Famous photo of the Intrepid being inflated at the Gaines farm. Two of Lowe's gas generators can be seen in the left of this photo. Later captured during the Confederate advance at Gaines' Mill, generator Number 11 would be put on display in Richmond as a war trophy. Credit: Library of Congress

“We Met Such a Perfect Storm of Lead”

That was the vivid description offered by an Alabamian who took part in the assault on the Federal left at the Battle of Gaines’ Mill. Hit in the flank by heavy artillery fire coming from across the Chickahominy, then facing swampy Boatswain’s Creek, and two tiers of well prepared Union defenders, Longstreet’s Confederate brigades left thousands of dead and wounded on the battlefield.

Now there is an opportunity to save 285 acres of the Gaines’ Mill battlefield – the very ground that Longstreet’s men charged through on June 27, 1862.

A nonprofit group called The Civil War Trust is currently working to preserve the tract that borders the famous Gaines farm/Lowe ballooning site featured in the picture above. Saving this ground will be one of the Civil War Trust’s biggest accomplishments to date and this tract will expand the preserved section of the battlefield by more than 400%.

In a message from Jim Lighthizer, CWPT President, he shares the following:

“There’s no doubt that this is one of the greatest battlefield preservation opportunities you and I will ever have, even as I fully realize that – in this still-stagnant economy – it presents one of the greatest challenges we have ever faced.

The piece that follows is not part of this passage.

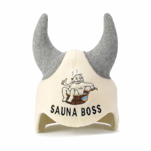 Natural Textile Bastumössa “Sauna Boss Devil” Vit - Bastuhatt 100% ekologiska ullfiltmössor för rysk Banya - Skydda ditt huvud från värme – Bastuguide-eBok på engelska ingår - med broderi

After years of interest in this particular piece of hallowed ground property, and after many months of intense negotiations, the Civil War Trust now has a signed contract from a landowner who agrees to sell us 285 acres, or the entire western flank of the Gaines’ Mill battlefield – and he wants to close by July 15, 2012!

There are several reasons why this is one of the most important preservation efforts we have ever attempted:

1. Gaines’ Mill is one of the most important battlefields in America, where only a fraction of the hallowed ground has been saved up til now. Back in the late 1920s, a group of dedicated Richmond residents got together and bought 60 acres south of Boatswain’s Creek, where the Union lines were, and where there was considerable fighting. This land is now owned and managed by the National Park Service.  More recently, the Richmond Battlefields Association saved another 5 acres and, earlier this year, you and your fellow Trust members saved another 2 acres. This new acquisition of 285 pristine acres more than quadruples the preserved area of this battlefield!

2. Gaines’ Mill is a crucial battle of the Seven Days’ Campaign, as it was Robert E. Lee’s first major victory at the head of the Army of Northern Virginia. In the 1993 Congressional report on America’s disappearing battlefields, Gaines’ Mill was listed as one of the Top 11 most highly threatened battlefields in the entire country, with less that 20% of the main battlefield preserved!

3. At the climax of the battle, Lee launched an assault all along his lines. This would turn out to be Lee’s largest assault of the War, more than two times larger than Pickett’s Charge at Gettysburg!

…One quick glance at the battle map (above) should tell you as much as I could say in ten letters. This is supremely important, blood-soaked, must-have hallowed ground and this is exactly the reason why we have mounted a capital campaign – to raise the big money needed to save the most important hallowed ground in America.